Meal Prep 101: Top 5 Reasons Why You Need to Prepare Your Meals Ahead of Time

Meal PrepTop 5 Reasons Why You Need to Prepare Your Meals Ahead of Time

It may seem silly to pack your lunch for work or school, but it is something that needs to be taken seriously by anyone who takes working out seriously. There are countless reasons why prepping your meals is highly recommended, but I will touch on my top five reasons why you need to prepare your meals ahead of time.

I have had my meal prep system in place for a while and it works exceptionally well because everyone knows what I need to do and when I need to do it. It is so important to have an understanding support group behind you on this one. My method is to basically cook my meals, sans breakfast (sort of), for the entire upcoming week. I normally do this on Sundays, but I may cheat and start cooking some vegetables on Saturday as well.

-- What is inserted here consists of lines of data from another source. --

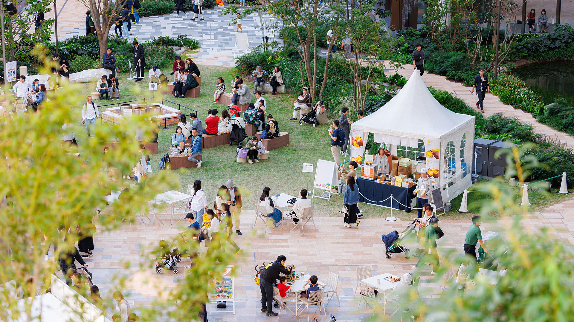 麻布台ヒルズは、人々が集う「広場」のような街。その真ん中にある中央広場では、緑に囲まれながら週末を中心にさまざまなイベントを開催します。
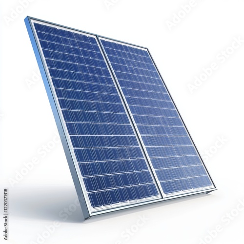 A single solar panel standing upright with visible grid details and a realistic metallic frame, isolated on a clean white background
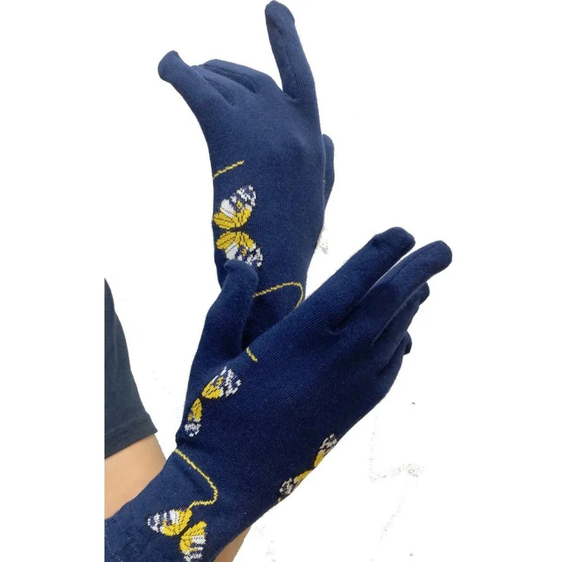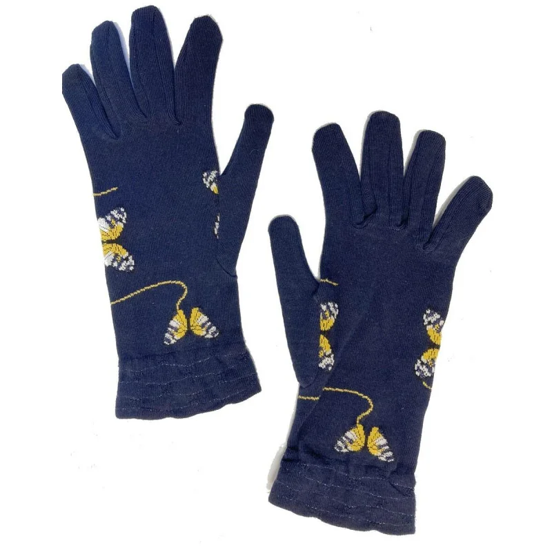 La manufacture Perrin en Bourgogne fabrique Ces jolis gants en coton très souple en tendance marine avec de jolies papillons Ocres tendance
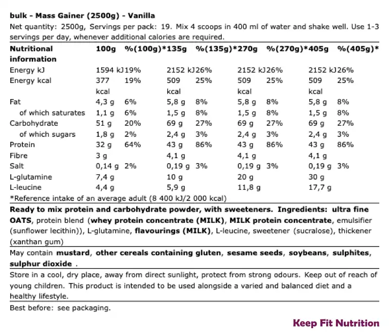 Le Mass Gainer de Bulk Nutrition contient des ingrédients qui vous aideront à stimuler et augmenter votre masse musculaire.
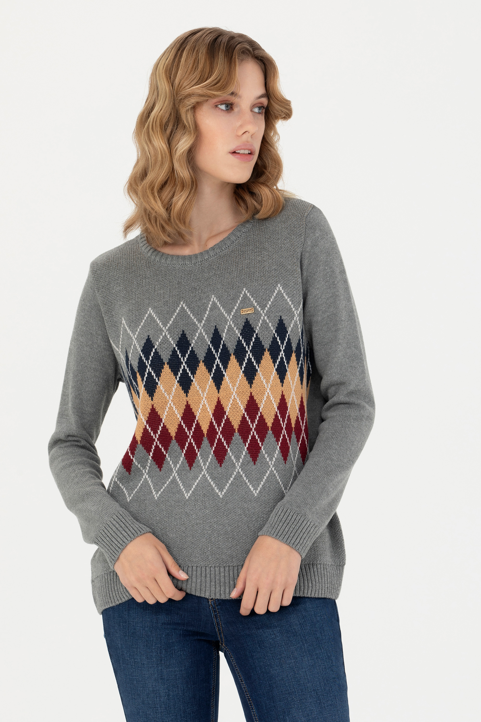 Kadın Gri Melanj Bisiklet Yaka Kazak
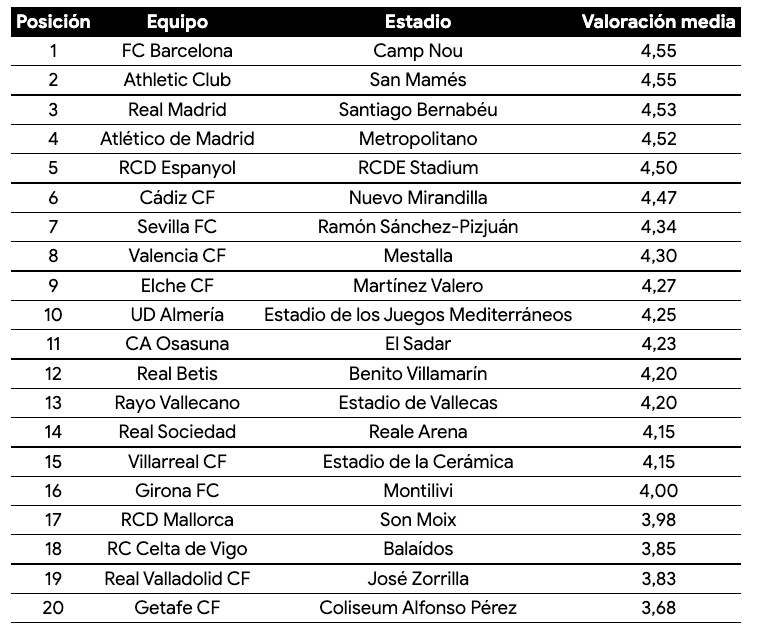 En Primera, la tabla refleja que el Camp Nou (FC Barcelona) es el estadio mejor valorado de España, seguido por San Mamés (Athletic Club) y el Santiago Bernabéu (Real Madrid). Y es que, si bien el Camp Nou y San Mamés empatan en su valoración media, el primero tiene siete veces más valoraciones que el segundo, razón por la que la página autora del estudio lo ha colocado en primera posición.
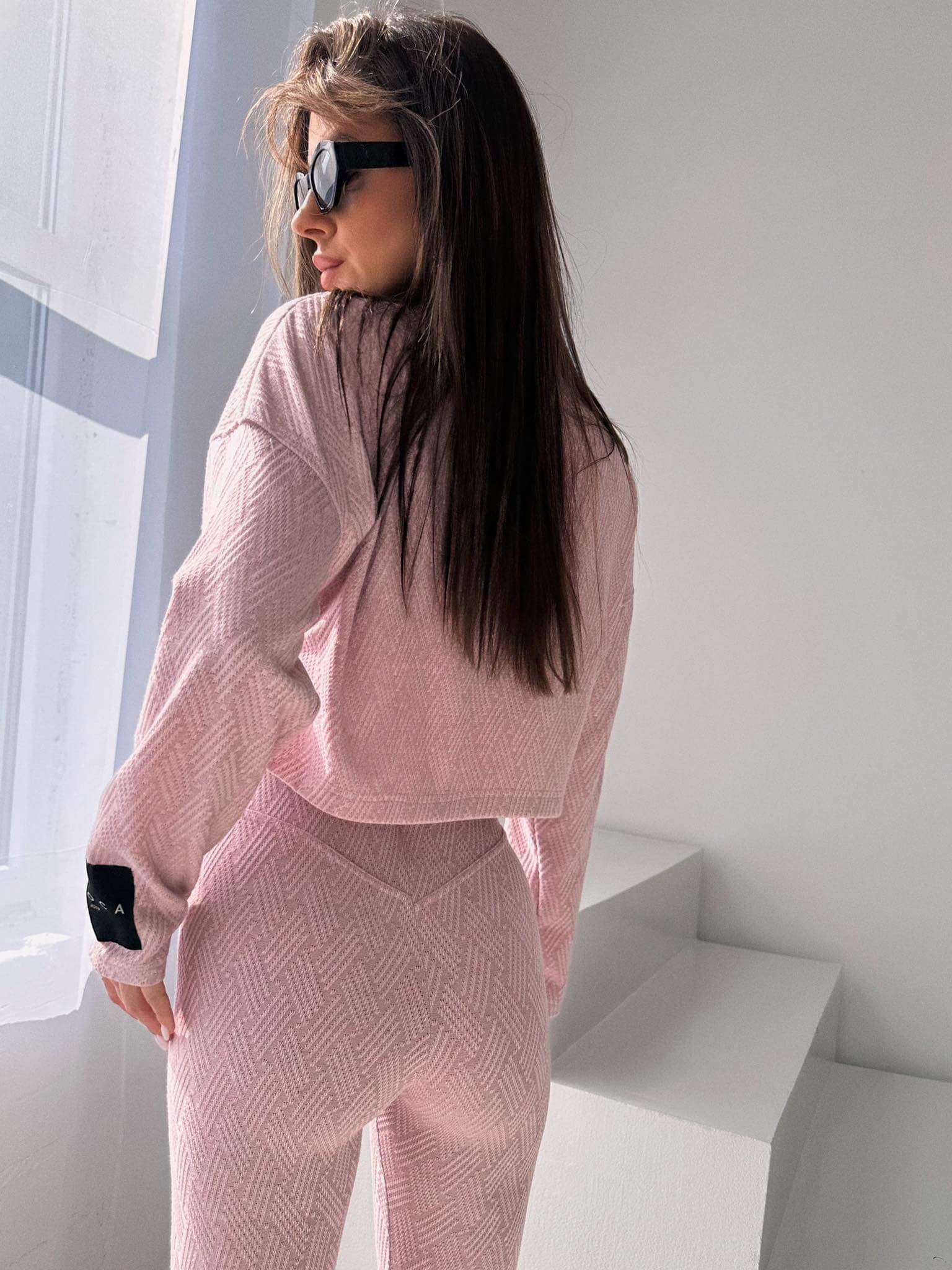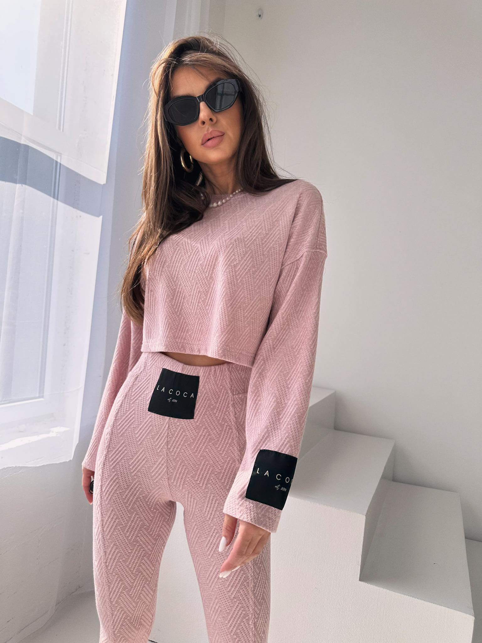Wykonany ze sweterkowej dzianiny o fakturze jodełki . Na spodniach i rękawie bluzki naszyta metka z nazwą marki.
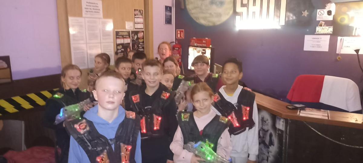 Po historycznej części wycieczki przyszedł czas na zabawę – klasa odwiedziła pobliski plac zabaw, gdzie każdy mógł rozładować energię i wspólnie spędzić czas na świeżym powietrzu. Kolejną atrakcją była zabawa w parku rozrywki LaserShot, które okazało się prawdziwym hitem. Uczniowie świetnie bawili się podczas rywalizacji pełnej śmiechu, ruchu i dobrej zabawy.

Like I said, there are so many reasons, but I am looking at my top five only for the sake of this post.

Control Your Macros

In order to take your bodybuilding regimen seriously, your diet needs to be spot on (the majority of the time at least). We all know, or at least you should know, how many grams of protein, carbs and fats we are taking in every day. The numbers will vary depending on loading days or your scheduled routine for that particular day, but we should already know our meal schedules for the upcoming week.

Sounds a little anal to most I am sure, but I know what every one of my meals will consist of during the entire week because the meals have already been prepared and portioned ahead of time. The ideal method is to use a food container with three sections to separate your foods, or just mix them all up. The important part is that you have the macros for that meal properly labeled. If I am scheduled for a meal of 40/40/20 (protein %/carbs %/fats %), I grab it and go. This is not just a work solution. This also takes care of dinner and even weekend parties where I bring my own food.

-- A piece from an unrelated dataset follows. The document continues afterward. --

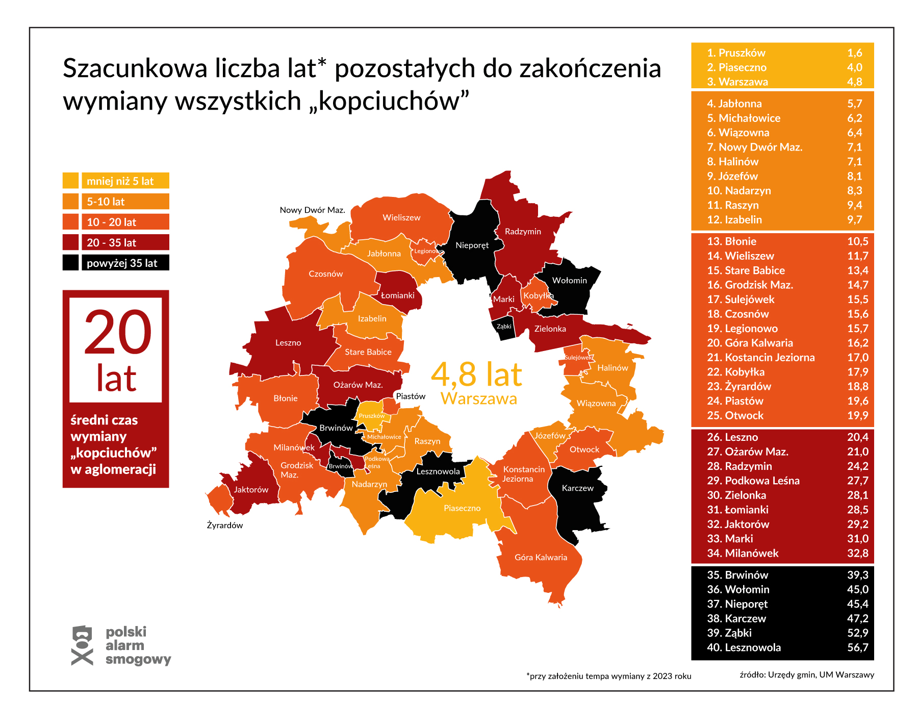 Ciekawie przedstawia się prognoza, jak wiele lat, biorąc pod uwagę aktualne tempo wymian, zajęłoby gminom dojście do zakończenia wymiany kotłów. Rekordowa gmina, Lesznowola poradziłaby sobie z problemem za 57 lat, nieco wcześniej kotły zlikwidują Ząbki (za 53 lata) oraz Karczew z Wołominem (za 45 lat). Najszybciej kotły wymieniają mieszkańcy Pruszkowa, gdzie – jeśli tempo wymiany zostanie utrzymane – ostatni „kopciuch” zniknie za półtora roku.

My meals typically range about 500 calories with 200 calories each of protein and carbs (40 grams each) and 100 calories of fat (11 grams). How do I know this to the tee? I measure my meals before placing them in their food container. Knowing what I need to eat for each meal makes getting your daily macros as easy as pie.

Control Your Caloric Intake

Along the same lines of controlling your macros is controlling your calories. This is less important for us because we are burning more calories by simply adding lean muscle to our bodies. Knowing the amount of calories in each meal does help us to ensure that we are staggering the totals of our daily caloric intake. You want to keep your body guessing, so that it does not becomes accustomed to the same thing every day.

Control Your Meal Times

If you know when you are eating and what you are eating at those times, then you will know when you will get hungry as well. The beauty of proper eating is that you will never experience hunger. Once you know how much your body needs to achieve the goals that you have set, you will eat before your body gets hungry.

The purpose of control meal times though is to split your macros evenly throughout the day to ensure that you are not eating all of your protein (or carbs or fats) in one sitting. You want even macro spreads throughout the day. I will the first one to say that I do not wake up in the middle of the night to eat though. Some people do, but I basically spread my macros out throughout the hours when I am awake.

Control Cheating

If you know what you are going to eat, you will control cravings and not cheat. Of course, this assumes that you have your will power under control, but that is actually fairly easy to control. If you want something bad enough, you will do anything possible to get it. Cheat meals are good for some people. Some look forward to them. I really do not have cheat meals in the regular sense. To me, eating too much fruit is cheating. Some think that is crazy, but it feels like cheating to me. I have no desire to eat a bowl of french fries or foods similar to that. I have been down that road and it is not for me. My body is drained when I do things like that, so I simply do not.

Control Your Time

We are all busy. My calendar is stretched thin every single day. I am on the go from the minute I wake up. I get home around dinner time, but that is when I lift, then I eat dinner. By that time, it is around 7:00 PM or so. That is family time until the kids go to sleep. After that point, I have plenty to do to keep myself busy until it is time to lay down for the night. If I was to have to cook dinner every night, I would live off of lunch meat in order to try and stay with lean meats. If I did that, my sodium intake would be through the roof. By prepping meals, my dinner is ready to go when I am.

Like I mentioned, these are only five of the reasons why meal prepping is so important to bodybuilding, but there are so many more. The thing to remember is that what you put into your body is more important than what you lift with your body.